→ ENTRIES SHOWN
■ ■ ■ ■ ■ ■ ■

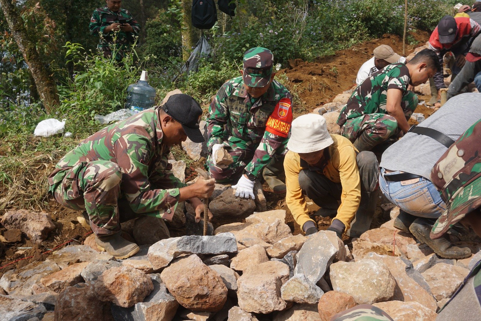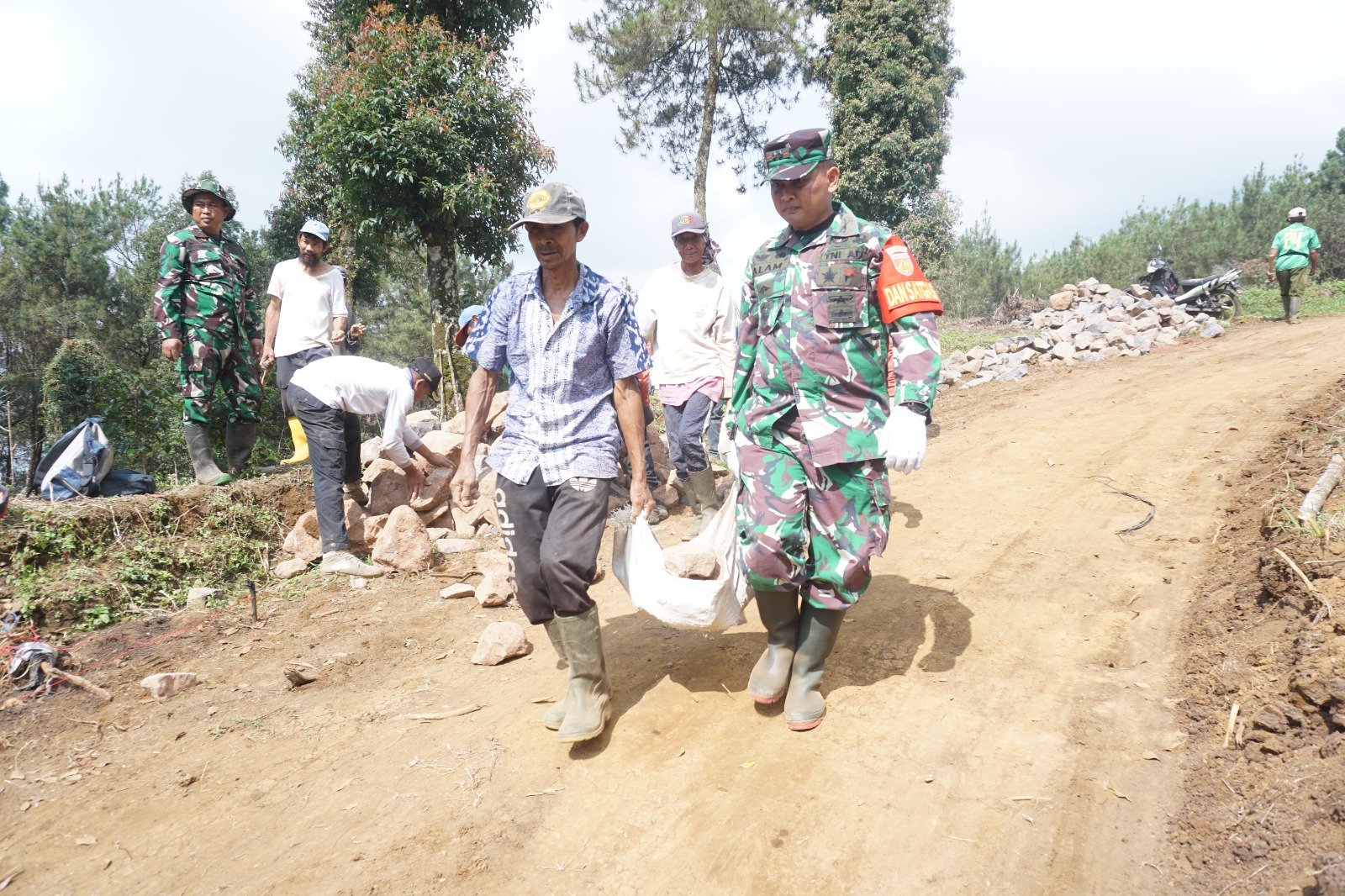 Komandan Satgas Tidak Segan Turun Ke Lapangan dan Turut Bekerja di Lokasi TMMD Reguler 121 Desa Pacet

■ ■ ■ ■ ■ ■ ■

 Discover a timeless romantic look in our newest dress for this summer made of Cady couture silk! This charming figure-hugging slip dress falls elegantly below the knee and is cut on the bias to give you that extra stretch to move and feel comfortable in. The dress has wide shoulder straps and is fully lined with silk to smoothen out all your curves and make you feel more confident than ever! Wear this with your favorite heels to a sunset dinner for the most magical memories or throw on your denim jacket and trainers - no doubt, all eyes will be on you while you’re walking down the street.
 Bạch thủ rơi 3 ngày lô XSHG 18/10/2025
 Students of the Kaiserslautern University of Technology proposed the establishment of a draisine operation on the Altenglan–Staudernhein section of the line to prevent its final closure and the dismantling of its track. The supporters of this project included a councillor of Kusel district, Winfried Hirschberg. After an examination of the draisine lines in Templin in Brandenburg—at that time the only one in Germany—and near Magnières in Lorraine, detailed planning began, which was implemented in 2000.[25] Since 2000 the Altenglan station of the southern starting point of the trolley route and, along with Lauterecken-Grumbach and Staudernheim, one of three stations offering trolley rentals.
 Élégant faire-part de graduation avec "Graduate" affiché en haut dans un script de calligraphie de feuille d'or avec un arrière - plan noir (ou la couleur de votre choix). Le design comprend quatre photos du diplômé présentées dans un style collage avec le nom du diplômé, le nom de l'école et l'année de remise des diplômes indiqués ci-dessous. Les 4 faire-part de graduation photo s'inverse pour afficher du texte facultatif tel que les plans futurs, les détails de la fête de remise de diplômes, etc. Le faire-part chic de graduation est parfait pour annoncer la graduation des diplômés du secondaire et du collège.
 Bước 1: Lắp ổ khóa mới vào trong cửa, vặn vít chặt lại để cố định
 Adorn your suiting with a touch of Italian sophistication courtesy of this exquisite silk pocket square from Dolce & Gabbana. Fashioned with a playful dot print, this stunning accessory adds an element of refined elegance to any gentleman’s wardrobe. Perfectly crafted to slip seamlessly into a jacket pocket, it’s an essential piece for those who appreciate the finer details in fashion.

■ ■ ■ ■ ■ ■ ■

→ WHAT NEEDS TO BE DONE
Search the data above for the word "your" and report how many lines contain it, with nothing further.

→ RESPONSE TO THIS EXERCISE
2